REQUIRED WORK:
Every entry must be set down exactly in the answer; no pictures should appear.

TASK INPUT:
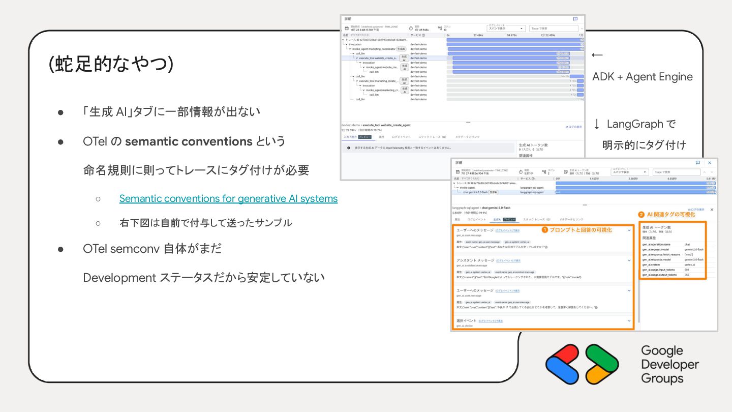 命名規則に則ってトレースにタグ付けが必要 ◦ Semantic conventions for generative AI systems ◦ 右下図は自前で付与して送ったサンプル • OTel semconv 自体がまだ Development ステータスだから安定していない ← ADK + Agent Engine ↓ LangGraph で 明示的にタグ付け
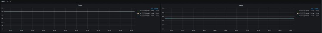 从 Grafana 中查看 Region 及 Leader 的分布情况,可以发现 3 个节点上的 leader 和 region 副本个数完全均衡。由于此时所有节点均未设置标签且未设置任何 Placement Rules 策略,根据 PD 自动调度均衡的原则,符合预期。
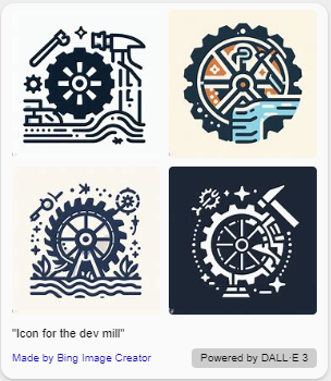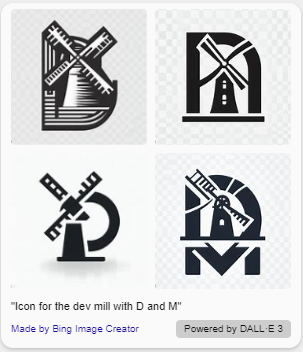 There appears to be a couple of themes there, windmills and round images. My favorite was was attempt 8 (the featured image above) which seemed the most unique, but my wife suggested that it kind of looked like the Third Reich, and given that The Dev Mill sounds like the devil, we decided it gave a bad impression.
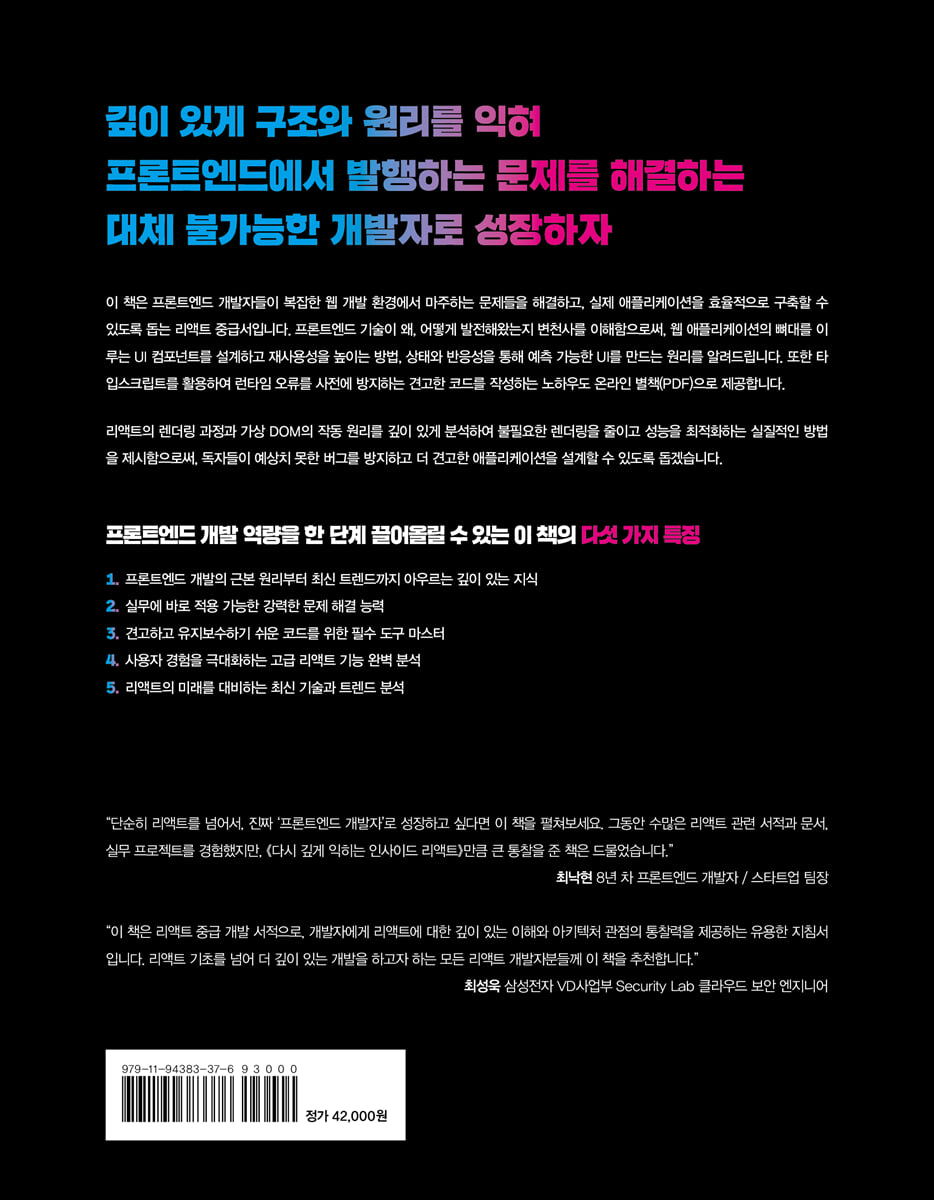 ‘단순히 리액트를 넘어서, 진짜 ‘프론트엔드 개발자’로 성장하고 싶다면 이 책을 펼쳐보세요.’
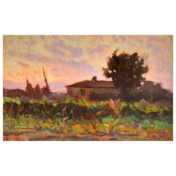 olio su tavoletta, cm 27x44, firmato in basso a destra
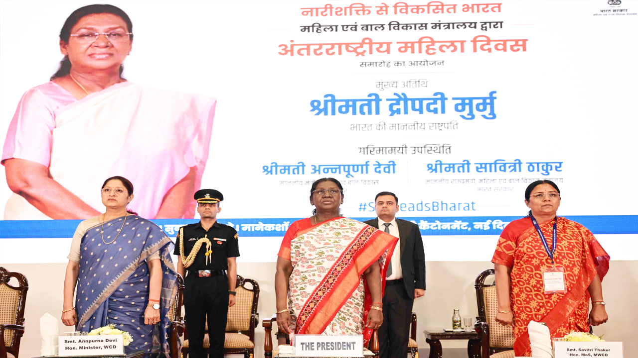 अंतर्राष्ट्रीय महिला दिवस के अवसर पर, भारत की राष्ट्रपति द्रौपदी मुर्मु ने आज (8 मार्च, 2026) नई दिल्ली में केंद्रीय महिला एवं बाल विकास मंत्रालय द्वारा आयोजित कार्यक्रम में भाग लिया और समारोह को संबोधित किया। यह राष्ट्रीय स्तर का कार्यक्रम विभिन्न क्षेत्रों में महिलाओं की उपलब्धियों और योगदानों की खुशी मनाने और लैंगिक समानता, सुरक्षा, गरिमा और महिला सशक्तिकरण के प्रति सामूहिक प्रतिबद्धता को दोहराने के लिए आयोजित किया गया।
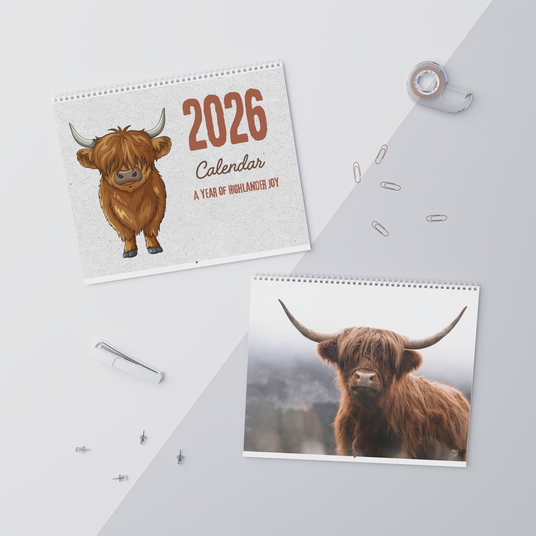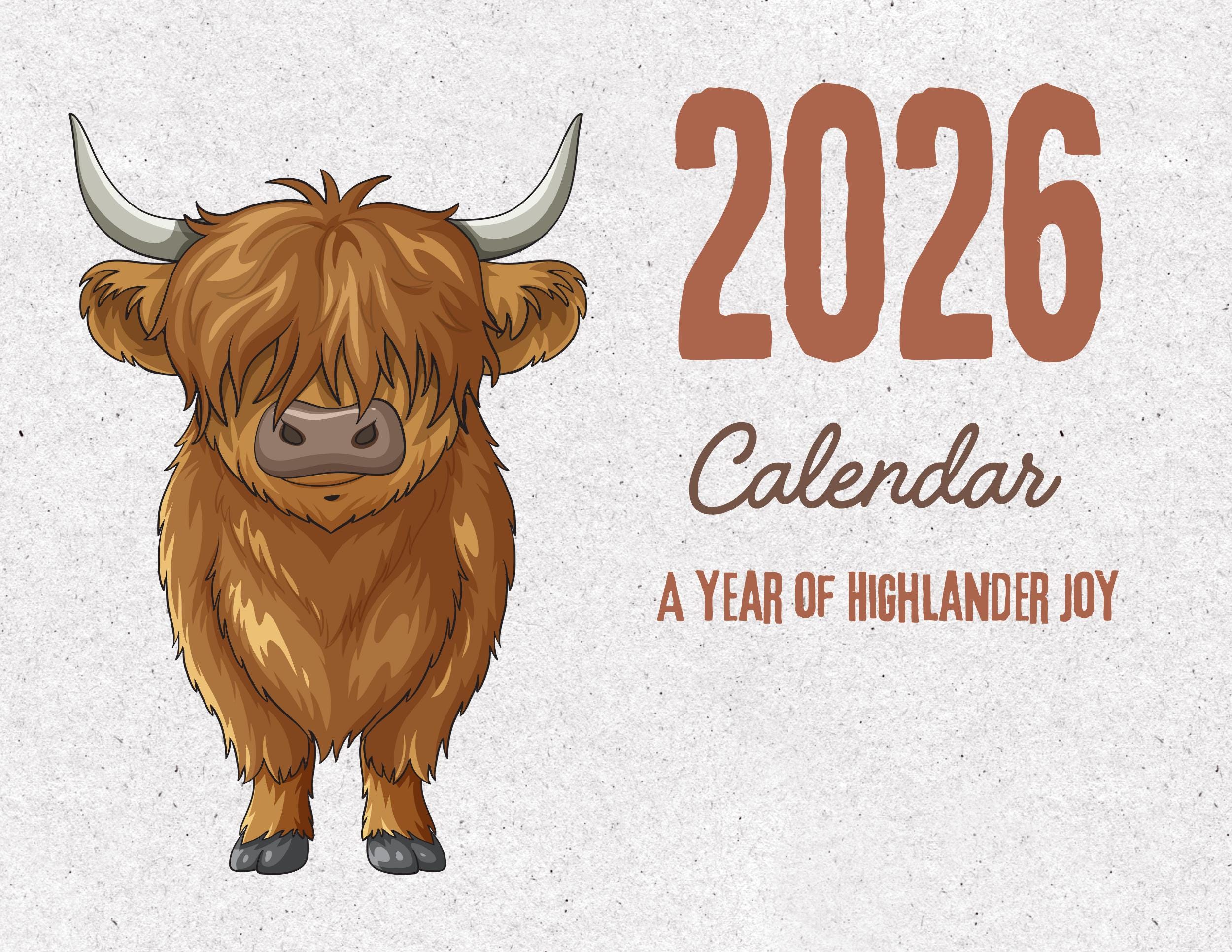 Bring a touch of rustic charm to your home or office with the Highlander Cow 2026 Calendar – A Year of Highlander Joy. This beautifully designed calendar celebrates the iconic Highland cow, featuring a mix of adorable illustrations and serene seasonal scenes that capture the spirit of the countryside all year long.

OUTPUT OF THE TASK:
 命名規則に則ってトレースにタグ付けが必要 ◦ Semantic conventions for generative AI systems ◦ 右下図は自前で付与して送ったサンプル • OTel semconv 自体がまだ Development ステータスだから安定していない ← ADK + Agent Engine ↓ LangGraph で 明示的にタグ付け
 从 Grafana 中查看 Region 及 Leader 的分布情况,可以发现 3 个节点上的 leader 和 region 副本个数完全均衡。由于此时所有节点均未设置标签且未设置任何 Placement Rules 策略,根据 PD 自动调度均衡的原则,符合预期。
 There appears to be a couple of themes there, windmills and round images. My favorite was was attempt 8 (the featured image above) which seemed the most unique, but my wife suggested that it kind of looked like the Third Reich, and given that The Dev Mill sounds like the devil, we decided it gave a bad impression.
 ‘단순히 리액트를 넘어서, 진짜 ‘프론트엔드 개발자’로 성장하고 싶다면 이 책을 펼쳐보세요.’
 olio su tavoletta, cm 27x44, firmato in basso a destra
 अंतर्राष्ट्रीय महिला दिवस के अवसर पर, भारत की राष्ट्रपति द्रौपदी मुर्मु ने आज (8 मार्च, 2026) नई दिल्ली में केंद्रीय महिला एवं बाल विकास मंत्रालय द्वारा आयोजित कार्यक्रम में भाग लिया और समारोह को संबोधित किया। यह राष्ट्रीय स्तर का कार्यक्रम विभिन्न क्षेत्रों में महिलाओं की उपलब्धियों और योगदानों की खुशी मनाने और लैंगिक समानता, सुरक्षा, गरिमा और महिला सशक्तिकरण के प्रति सामूहिक प्रतिबद्धता को दोहराने के लिए आयोजित किया गया।
 Bring a touch of rustic charm to your home or office with the Highlander Cow 2026 Calendar – A Year of Highlander Joy. This beautifully designed calendar celebrates the iconic Highland cow, featuring a mix of adorable illustrations and serene seasonal scenes that capture the spirit of the countryside all year long.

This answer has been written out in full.